First of all, the time to recompile code can be quite expensive and is much slower than interpreted code. This overhead leads to micro-stutters (jitter, pun not intended) in the execution of code and a worsening of performance for rarely executed code. Recompilers can perform so poorly that most also implement standard interpreters for these cases and only use recompilation when obvious loops or frequently used subroutines are known.

Secondly, the code which is produced may be an order of magnitude larger than the original, resulting in a proportional demand on memory. While the cost of memory is relatively cheap, this can impact cache locality and negatively impact performance. This is exacerbated when the emulator recompiles the same region of memory several times over due to different entry points.

And finally, recompilers are quite complex, having to address incongruities of different processor architectures while attempting to emit the most compatible and ideally, fastest code possible. Applying optimizations and attempts to mitigate the first two issues only complicate the process more.

Threaded JIT

I started this with a brief introduction to the classic FORTH threading models. Token threading is the natural model for an interpreter as the opcodes of the guest processor are equivalent to tokens. In most cases, these tokens are only partially resolved by the token threader and some limited opcode decoding is still performed within the subroutine. Direct, indirect and subroutine threading have generally been avoided entirely.

Peter McGavin is the first I'm aware of to implement a threaded JIT in his Z80 emulator. It works by creating a 64K entry jump table where each entry corresponds to the opcode taken from the instruction memory. Upon initialization, this jump table points to the opcode lookup routine itself, which performs in-place substitution to the actual opcode handler before jumping to it directly. When code reaches this point a second time, the opcode handler is executed immediately without reexamining the instruction memory.

Richard Carlsson noted in his adaptation of this approach in his Z80 emulator, that the resulting speedup over a traditional emulator is about two-fold.

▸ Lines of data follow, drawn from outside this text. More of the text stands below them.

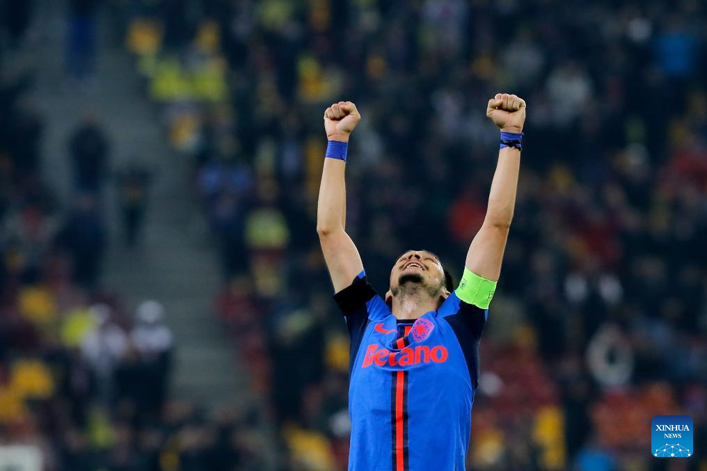 FCSB's Adrian Sut celebrates after a UEFA Europa League match between FCSB and Midtjylland in Bucharest, Romania, Nov. 7, 2024. (Photo by Cristian Cristel/Xinhua)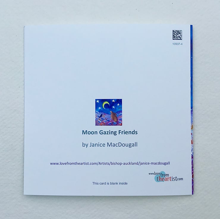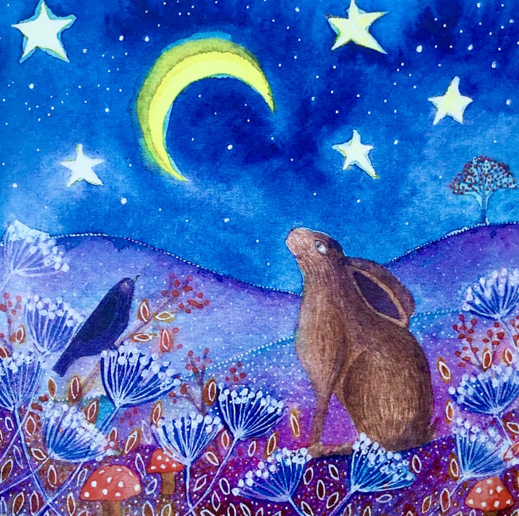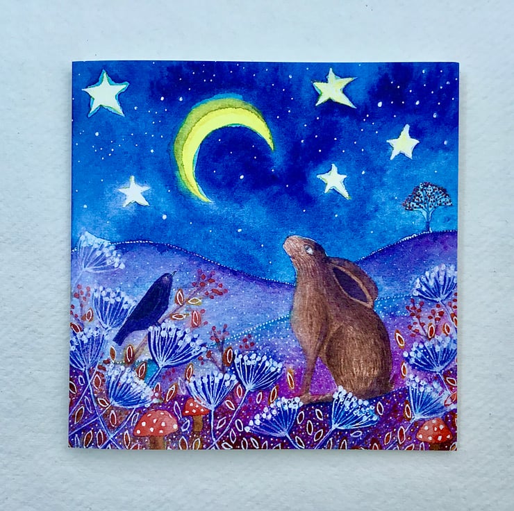 This card has been printed from an original painting that I did, featuring a hare and a blackbird gazing at the moon together. It is a blank greetings card making it suitable for a variety of occasions. It measures 14.5x14.5 cm and comes with an envelope.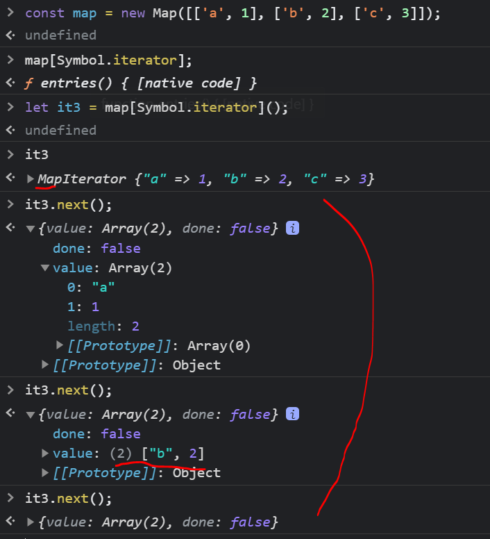 const map = new Map([['a', 1], ['b', 2], ['c', 3]]); console.log(map[0]); // undefined console.log(map[2]); // undefined즉, 기존 리스트 순회와 같은 방법과는 다른 방법을 통해 for of 문법이 동작함을 알 수 있다.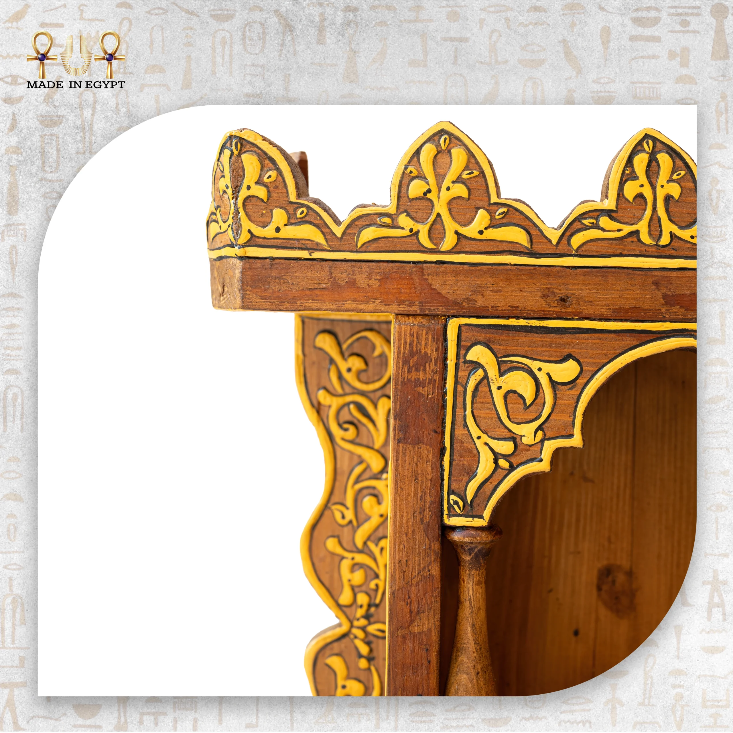 صُنع الهيكل التراثي من خشب طبيعي بعناية فائقة ليعكس جمال الخامة ودفئها. كما تم إبراز عروق الخشب وتدرجاته الطبيعية، ما يمنح كل قطعة طابعًا فريدًا. وزُيّن الهيكل بزخارف محفورة وملوّنة يدويًا مستوحاة من فن الأرابيسك. إضافةً إلى ذلك، تتداخل الخطوط النباتية والهندسية بانسجام بصري يعكس التوازن والدقة في الفن الإسلامي.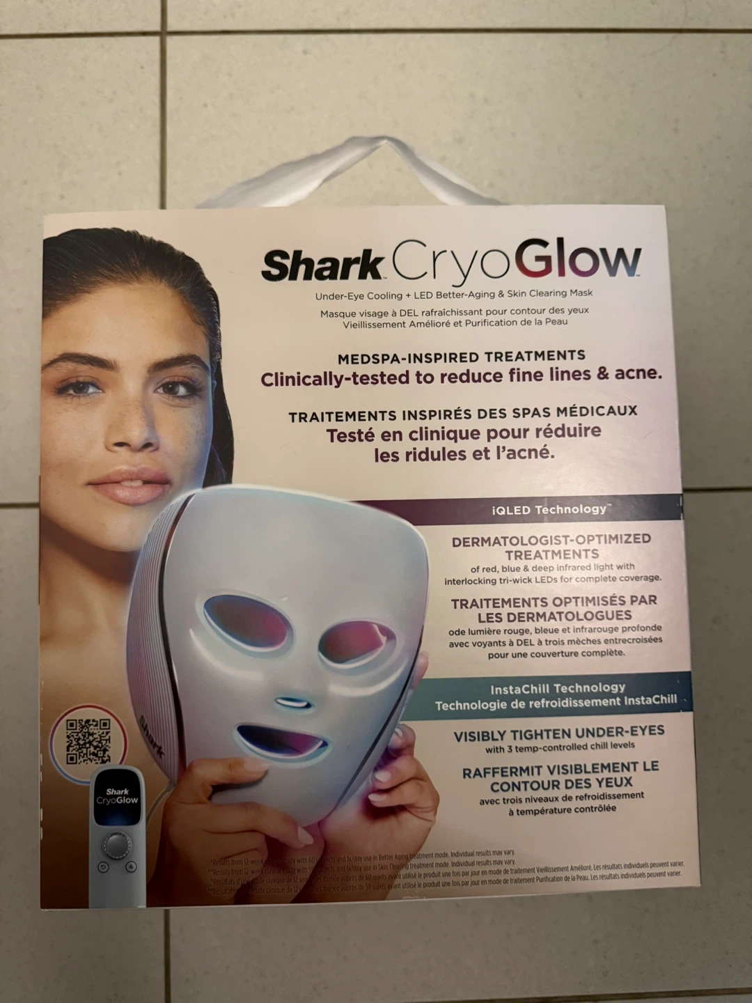 10I'm selling a Shark CryoGlow Under-Eye Cooling + LED Skin Clearing Mask. New in box! Retail $499. Looking for $400 or best offer. It's designed for under-eye cooling and skin clearing with LED technology. It features MEDSPA-inspired treatments that are clinically tested to reduce fine lines and acne. The InstaChill Technology visibly tightens under-eyes with 3 temperature-controlled chill levels. Get dermatologist-optimized treatments with IQLED Technology, offering red, blue, and deep infrared light with interlocking precision for complete coverage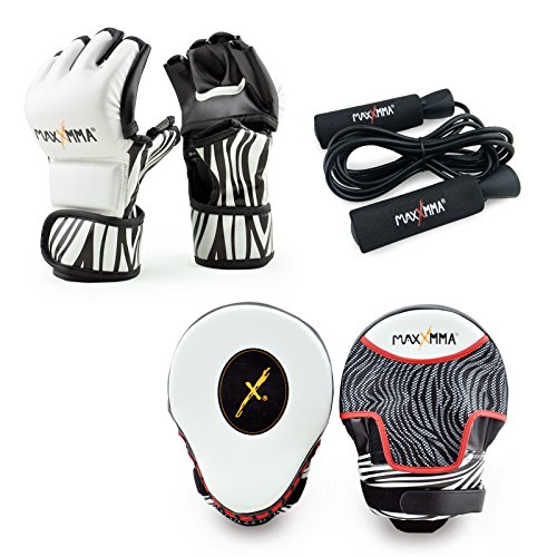 -. Binding : Misc. -. Brand : MaxxMMA -. Color : Black/White -. EAN : 4713696505860 -. Feature : Includes 1 pair of MMA Grappling Training Gloves, 1 pair of Mantis Mitts and 1Jump Rope / Both Gloves and mitts are filled with machines injected molded foam padding for increased protection and comfort / Full wrist wrap hook-and-loop strap with foam provides superior wrist support and a secure fit / Anti-bacterial sweat-absorbing lining keeps germs away / Ideal for Advanced Martial Arts Training -. IsAutographed : 0 -. IsMemorabilia : 0 -. Label : MaxxMMA -. LegalDisclaimer : International Buyers - Please Note: Import duties, taxes, and charges are not included in the item P.R.Ice or shipping cost. These charges are the buyer's responsibility. Please check with your country's cus office to determine what these additional costs will be P.R.Ior to bidding or buying. -. Manufacturer : MaxxMMA -. ProductGroup : Sports -. ProductTypeName : SPORTING_GOODS -. Publisher : MaxxMMA -. Studio : MaxxMMA -. Title : MaxxMMA Zebra Training Kit - MMA Grappling Gloves + Mantis Mitts + Jump Rope
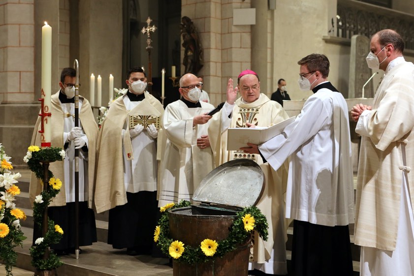 Auf der anderen Seite seien uns die Frauen mit ihren Ängsten aber auch wieder sehr nahe: "Lastet nicht auch auf uns die Sorge jenes schweren Steines, hinter dem alle Hoffnung begraben liegt?" Die Wundmale unseres Lebens seien auch die Wunden des Karfreitags, der Nacht der Welt und in unserem Herzen. So wie das Licht der Osterkerze für sich allein das Dunkel des Domes nicht ganz ausleuchten könne, gehe auch die Nacht weiter – "doch sie ist verklärt". In ihr leuchte die kleine Flamme von Ostern. "Und dieses kleine Licht hat mehr recht als die große Dunkelheit", betonte Meier.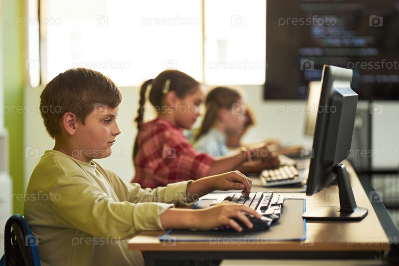 Использование компьютера в классе с разнообразными детьми, учащимися программированию мальчик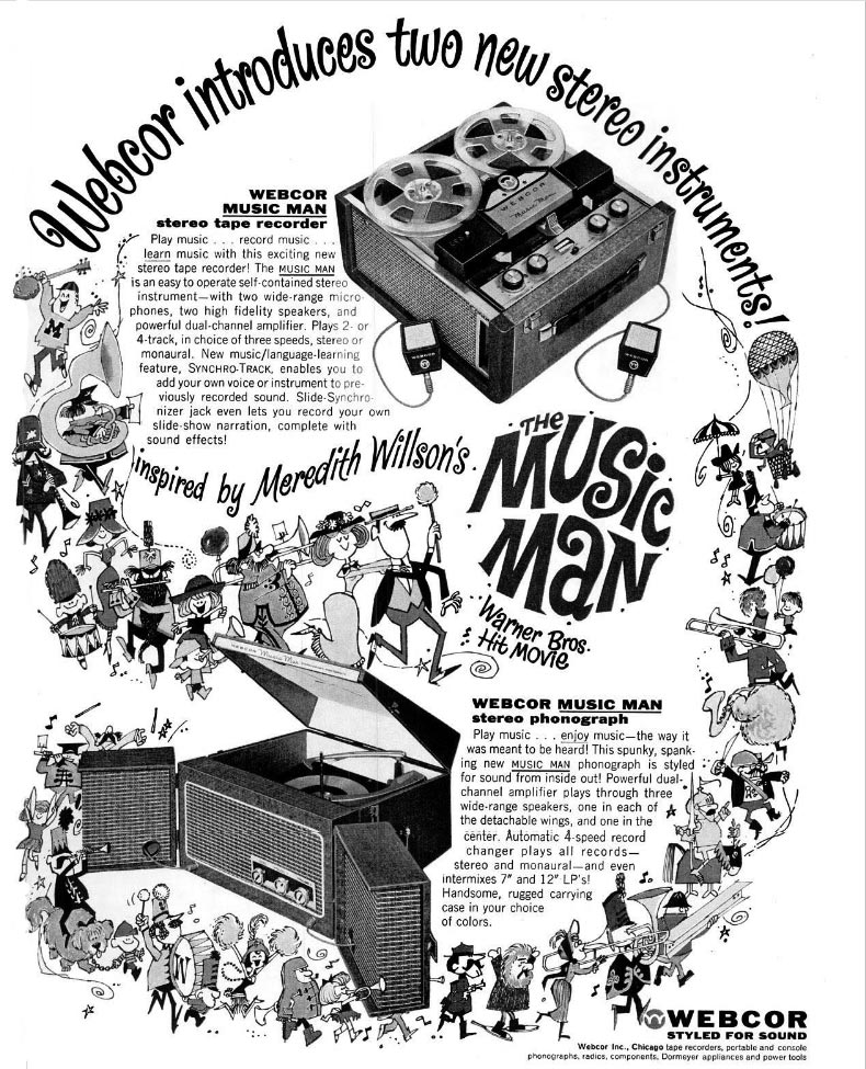 There's an interesting short article by George Simkowski on a site called Talentzoo.com. Simkowski was Webcor's Advertising Manager during the Haffa years, and tells of two product tie-ins. The first was providing a Regent Coronet tape machine for the movie Bachelor in Paradise, one of the few good movies Bob Hope made in the 1960s. The other was in 1962, when Simkowski concocted a big promotion with the film version of The Music Man. Along with a big contest for children to show off their musical skills, Webcor's model 2356 tape recorder and model 1356 phonograph were each named "the Music Man." Pretty nice ones, too.

As with FORTH, in this model there is no longer a traditional interpreter; at best, the opcode lookup routine serves in its place. And while that function may have some overhead, the execution of individual instructions still occurs sequentially, eliminating the problem of jitter -- programs are now easily deterministic. Even if a threaded JIT is not as fast as a normal JIT, it is quicker.

Secondly, because the opcode is only replaced with a single subroutine call or address, there's a fixed "expansion ratio" that is not only much smaller than code generated by a recompiler but having a fixed ratio means that branches and jumps are now trivial to compute and the emulator can freely jump into any address in memory whether it has been precompiled or not.

Finally, compared to a traditional recompiler, a threaded JIT is trivial to implement. More on that later.

Despite its performance over interpreters and even recompilers in some cases, threaded JIT did not become popular and was largely forgotten. The overhead of a subroutine call and return on each instruction was too great and the performance gain was not as impressive as normal JIT -- especially when up against benchmarks that unfairly exaggerate the benefit of JIT. This simple model also scales poorly in 32-bit systems trying to emulate other 32-bit systems as there simply isn't enough memory for the jump table.